SUPPLIED DATA:
══════════

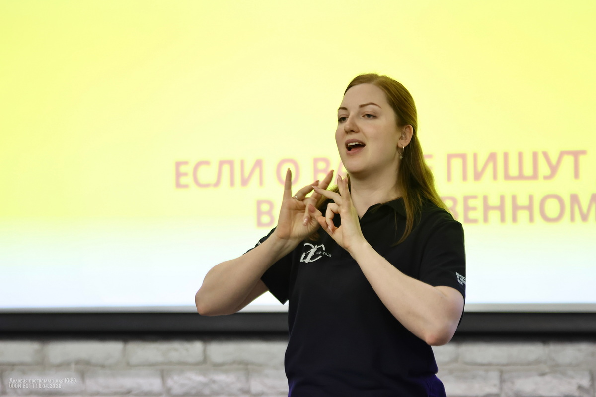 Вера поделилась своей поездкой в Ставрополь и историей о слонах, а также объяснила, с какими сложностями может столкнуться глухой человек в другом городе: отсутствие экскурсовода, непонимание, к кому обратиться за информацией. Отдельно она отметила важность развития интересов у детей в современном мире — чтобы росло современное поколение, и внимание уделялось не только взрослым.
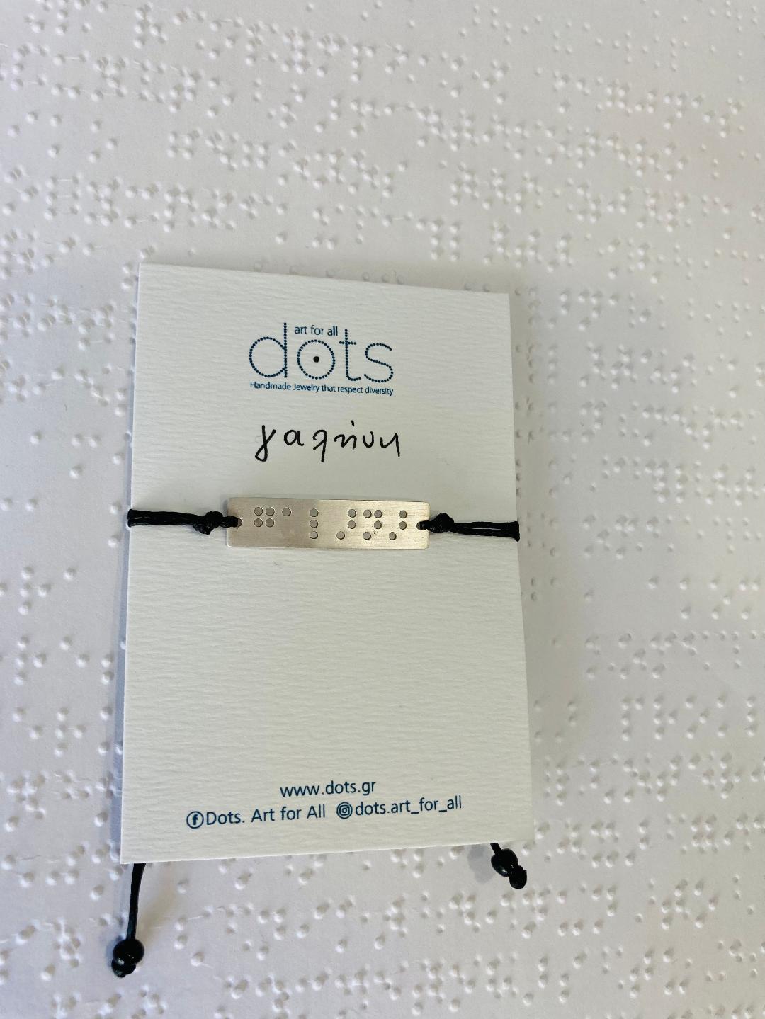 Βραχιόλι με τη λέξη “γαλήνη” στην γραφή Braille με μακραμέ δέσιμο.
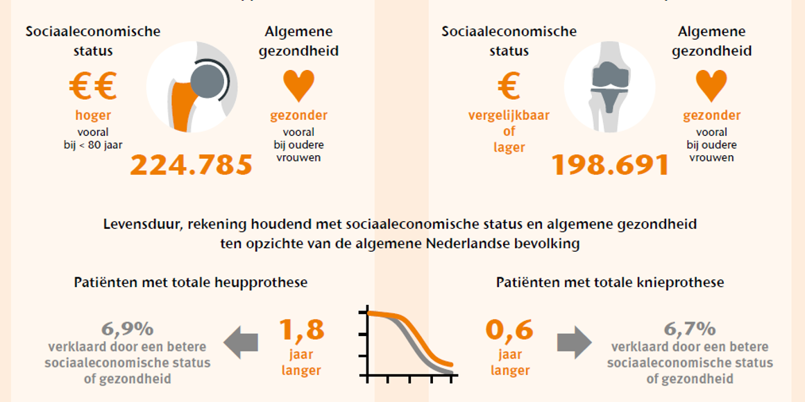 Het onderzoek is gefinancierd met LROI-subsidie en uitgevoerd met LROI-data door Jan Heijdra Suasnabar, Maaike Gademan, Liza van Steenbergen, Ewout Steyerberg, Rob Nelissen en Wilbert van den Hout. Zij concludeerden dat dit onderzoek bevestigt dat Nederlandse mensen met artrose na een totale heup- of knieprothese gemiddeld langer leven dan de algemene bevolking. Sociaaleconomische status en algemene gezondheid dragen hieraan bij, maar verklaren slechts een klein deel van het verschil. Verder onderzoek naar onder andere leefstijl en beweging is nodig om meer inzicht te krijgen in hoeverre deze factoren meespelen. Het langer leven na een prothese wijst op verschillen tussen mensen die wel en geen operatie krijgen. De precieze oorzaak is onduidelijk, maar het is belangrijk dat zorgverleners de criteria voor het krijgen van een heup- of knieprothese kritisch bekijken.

══════════

TRY IT:
A word-for-word copy is needed, starting at the first line of the listing and ending with the line bearing "Βραχιόλι με τη". No pictures.

WRITTEN RESPONSE:
 Вера поделилась своей поездкой в Ставрополь и историей о слонах, а также объяснила, с какими сложностями может столкнуться глухой человек в другом городе: отсутствие экскурсовода, непонимание, к кому обратиться за информацией. Отдельно она отметила важность развития интересов у детей в современном мире — чтобы росло современное поколение, и внимание уделялось не только взрослым.
 Βραχιόλι με τη λέξη “γαλήνη” στην γραφή Braille με μακραμέ δέσιμο.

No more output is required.